[Stored data]
== Segment start ==

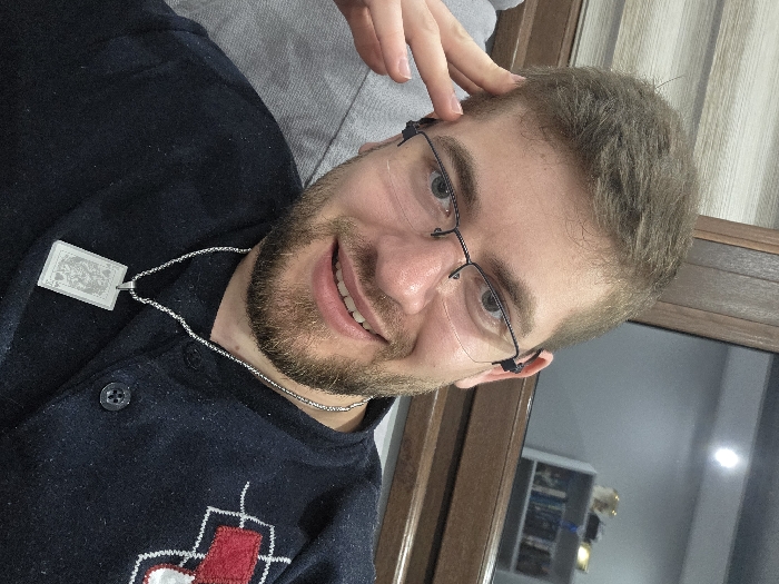 The image presents a headshot of an adult male in an indoor setting, located in Yagodovo, Bulgaria. The subject has light brown, short hair, a light stubble beard, and is wearing dark-rimmed, half-frame eyeglasses. His expression is a smile, and his right hand is resting with fingers near his right temporal area. He is dressed in a dark blue long-sleeved shirt featuring a red and white patterned emblem on the left chest. A silver-colored rope chain necklace with a rectangular silver-colored pendant, depicting an engraved playing card (King of Spades), is visible around his neck. The background to the left shows a grey upholstered surface and a window with light-colored horizontal blinds behind a dark wooden frame. To the right, a dark wooden frame is present. A reflection in a glass surface reveals an interior space with a light-colored wall, a circular ceiling light fixture, and a white multi-shelf unit containing objects.
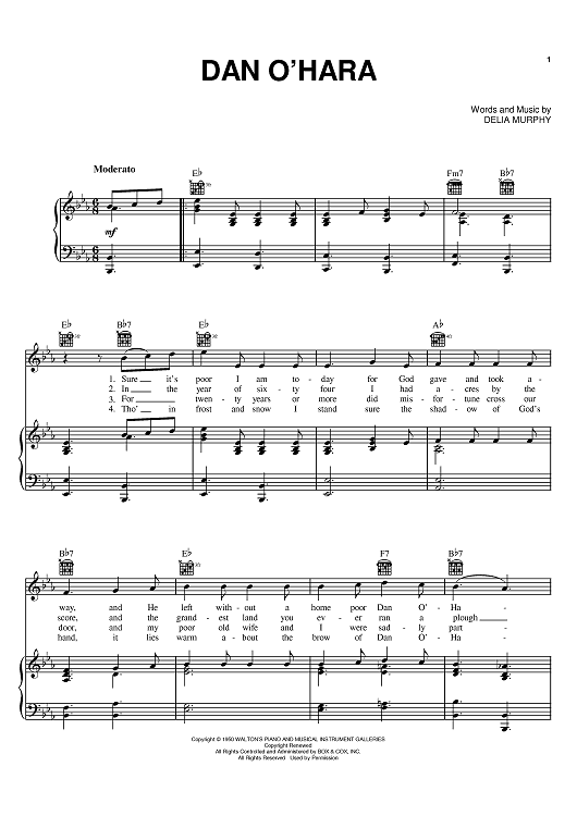 Digital Sheet Music for Dan O'Hara by Delia Murphy scored for Piano/Vocal/Chords; id:393711
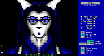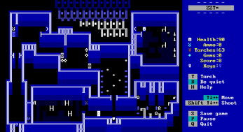 Now the second issue with controls is in the menu of the game. I guess it's a limitation of the used engine but the way you have to firt press P to start the game and then use your game avatar to move on the menu spot to start the actual game is rather counterintuitive. I'm not familiar with other games in ZZT but trying to figure this the first time made me a bit confused.
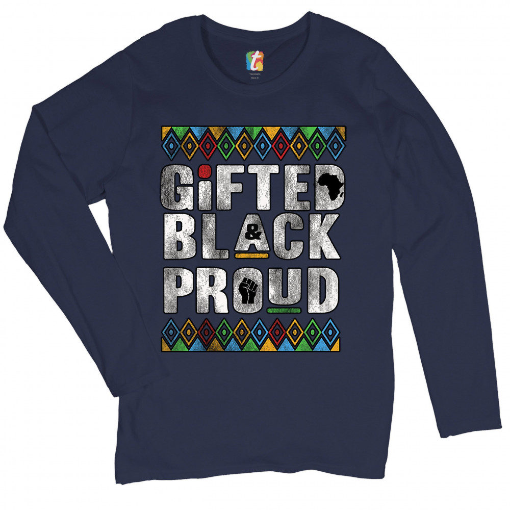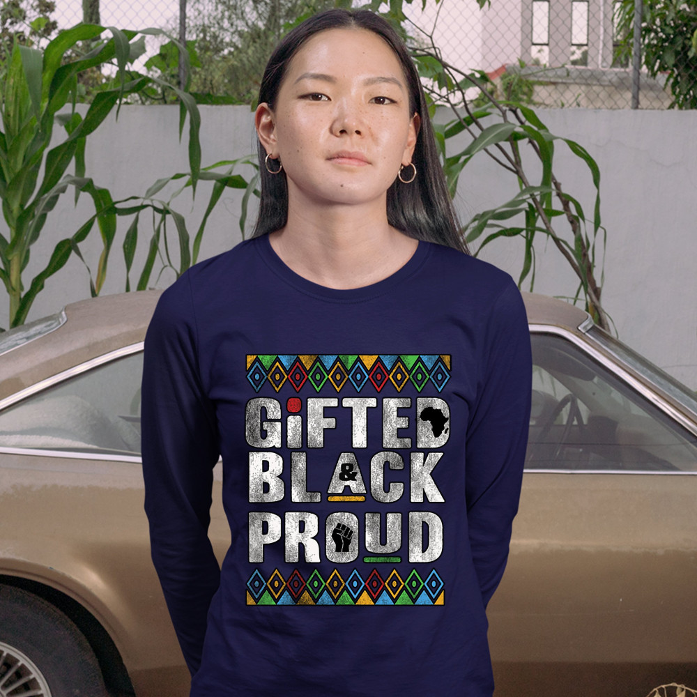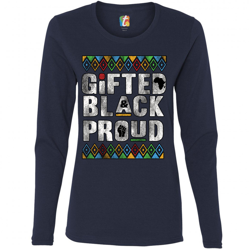 GIFTED BLACK & PROUD women's long sleeve t-shirt african american blm activism navy blue
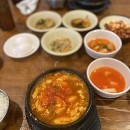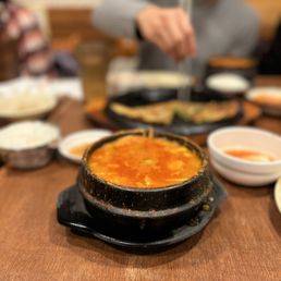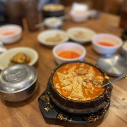 No-frills hole-in-the-wall spot that has a very small menu of extremely authentic Korean Tofu soup/stew I have never tried Korean Tofu soup, but I was glad that I got to try it here as they offer huge portions, a few different favor options, and also allow you to choose your spice level as well I went with a mild beef & kimchi soup and it was pretty tasty! They also serve a few unlimited small plates (which were solid) & rice as well.
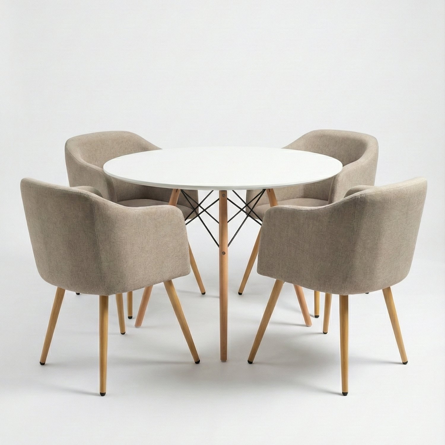 - Configuración: 1 Mesa Redonda Blanca + 4 Sillas Ámbar Beige.
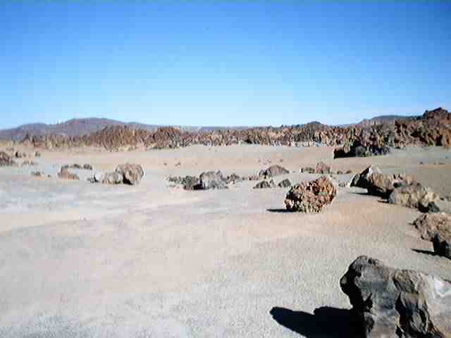 Ancora pochi chilometri di pendii tutto sommato dolci anche se strapiombano per 2000 metri, perdendosi tra le nuvole, pendii di colori spesso diversi che comprendono tutte le gradazioni del nero, del rosso e del giallo, ed entro nel parco nazionale de Las Canadas, ex cratere vulcanico di 75 chilometri di perimetro che circonda il Teide a est alla quota di 2000 metri.
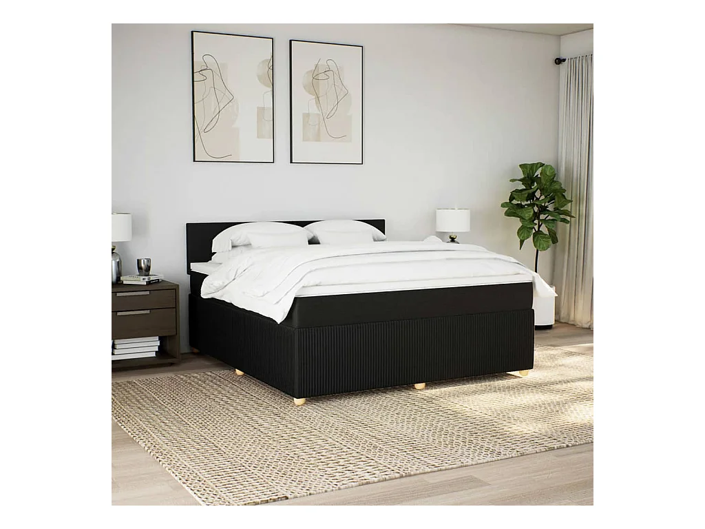 Sommier à lattes de lit avec matelas Noir 180x200 cm Tissu
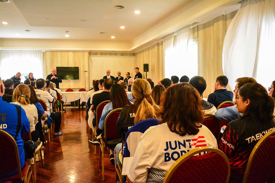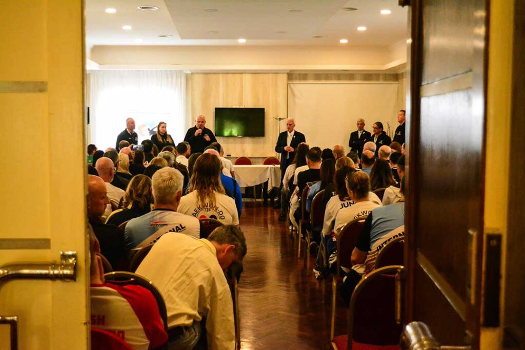 The first to give his greetings was GM Marano, who praised the technical knowledge of all the umpires and celebrated the opportunity for both committees to work together and exchange opinions in order to overcome the differences in criteria that exist when evaluating the technique in patterns
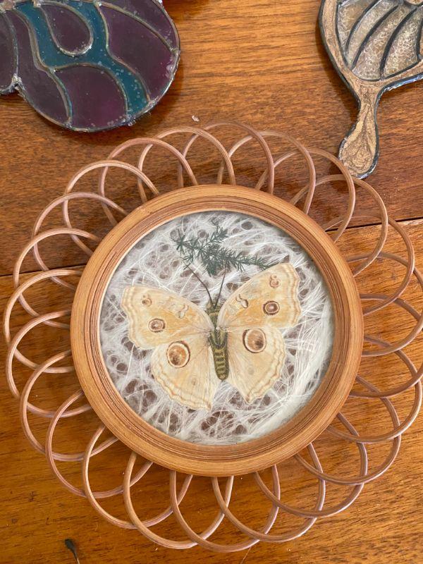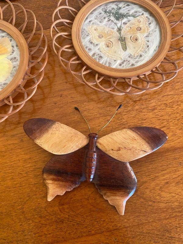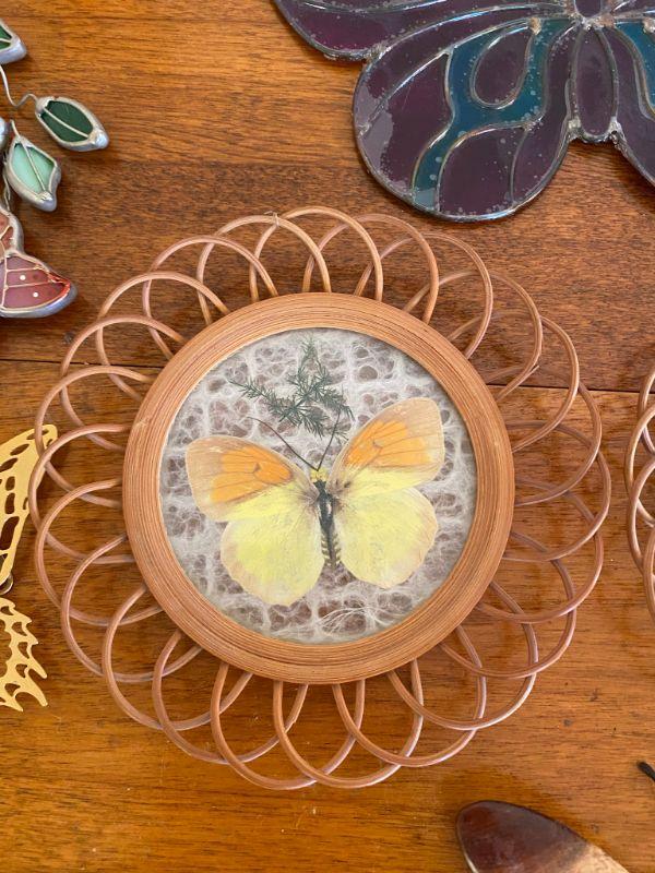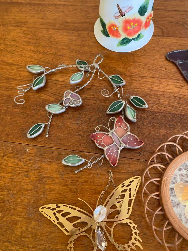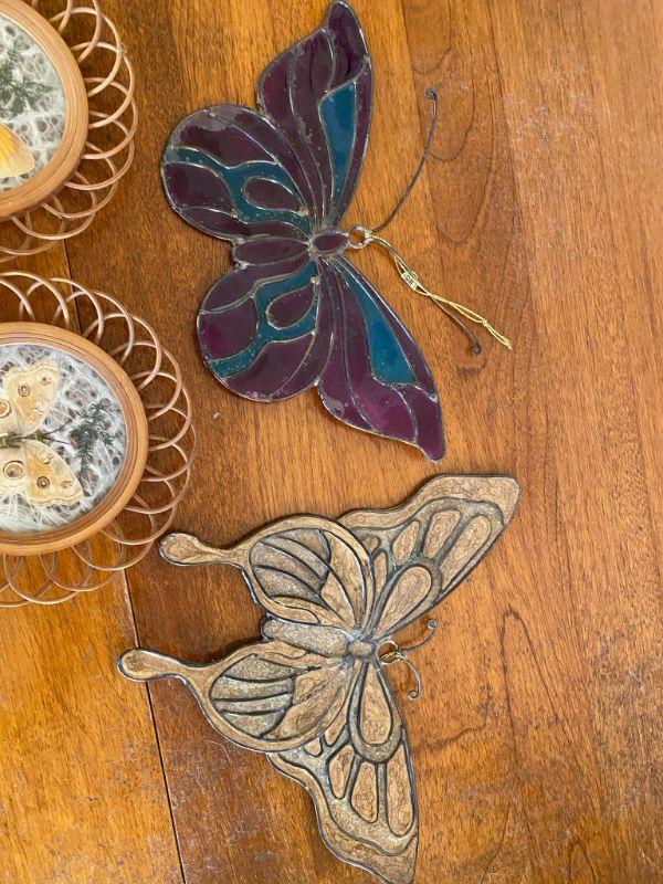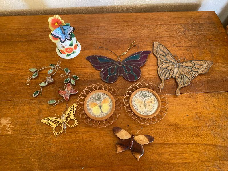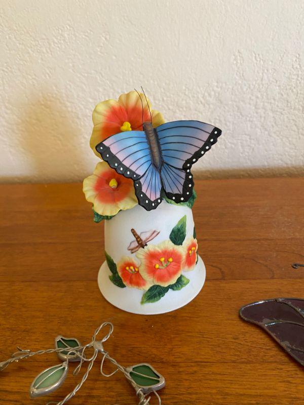 Butterfly decor lot. One bell and 7 wall art pieces.

== Segment end ==

*WHAT THE EXERCISE ASKS:* No picture belongs in the answer, but every word of the records above does, exactly as given.

*THE ANSWER:*
 The image presents a headshot of an adult male in an indoor setting, located in Yagodovo, Bulgaria. The subject has light brown, short hair, a light stubble beard, and is wearing dark-rimmed, half-frame eyeglasses. His expression is a smile, and his right hand is resting with fingers near his right temporal area. He is dressed in a dark blue long-sleeved shirt featuring a red and white patterned emblem on the left chest. A silver-colored rope chain necklace with a rectangular silver-colored pendant, depicting an engraved playing card (King of Spades), is visible around his neck. The background to the left shows a grey upholstered surface and a window with light-colored horizontal blinds behind a dark wooden frame. To the right, a dark wooden frame is present. A reflection in a glass surface reveals an interior space with a light-colored wall, a circular ceiling light fixture, and a white multi-shelf unit containing objects.
 Digital Sheet Music for Dan O'Hara by Delia Murphy scored for Piano/Vocal/Chords; id:393711
 Now the second issue with controls is in the menu of the game. I guess it's a limitation of the used engine but the way you have to firt press P to start the game and then use your game avatar to move on the menu spot to start the actual game is rather counterintuitive. I'm not familiar with other games in ZZT but trying to figure this the first time made me a bit confused.
 GIFTED BLACK & PROUD women's long sleeve t-shirt african american blm activism navy blue
 No-frills hole-in-the-wall spot that has a very small menu of extremely authentic Korean Tofu soup/stew I have never tried Korean Tofu soup, but I was glad that I got to try it here as they offer huge portions, a few different favor options, and also allow you to choose your spice level as well I went with a mild beef & kimchi soup and it was pretty tasty! They also serve a few unlimited small plates (which were solid) & rice as well.
 - Configuración: 1 Mesa Redonda Blanca + 4 Sillas Ámbar Beige.
 Ancora pochi chilometri di pendii tutto sommato dolci anche se strapiombano per 2000 metri, perdendosi tra le nuvole, pendii di colori spesso diversi che comprendono tutte le gradazioni del nero, del rosso e del giallo, ed entro nel parco nazionale de Las Canadas, ex cratere vulcanico di 75 chilometri di perimetro che circonda il Teide a est alla quota di 2000 metri.
 Sommier à lattes de lit avec matelas Noir 180x200 cm Tissu
 The first to give his greetings was GM Marano, who praised the technical knowledge of all the umpires and celebrated the opportunity for both committees to work together and exchange opinions in order to overcome the differences in criteria that exist when evaluating the technique in patterns
 Butterfly decor lot. One bell and 7 wall art pieces.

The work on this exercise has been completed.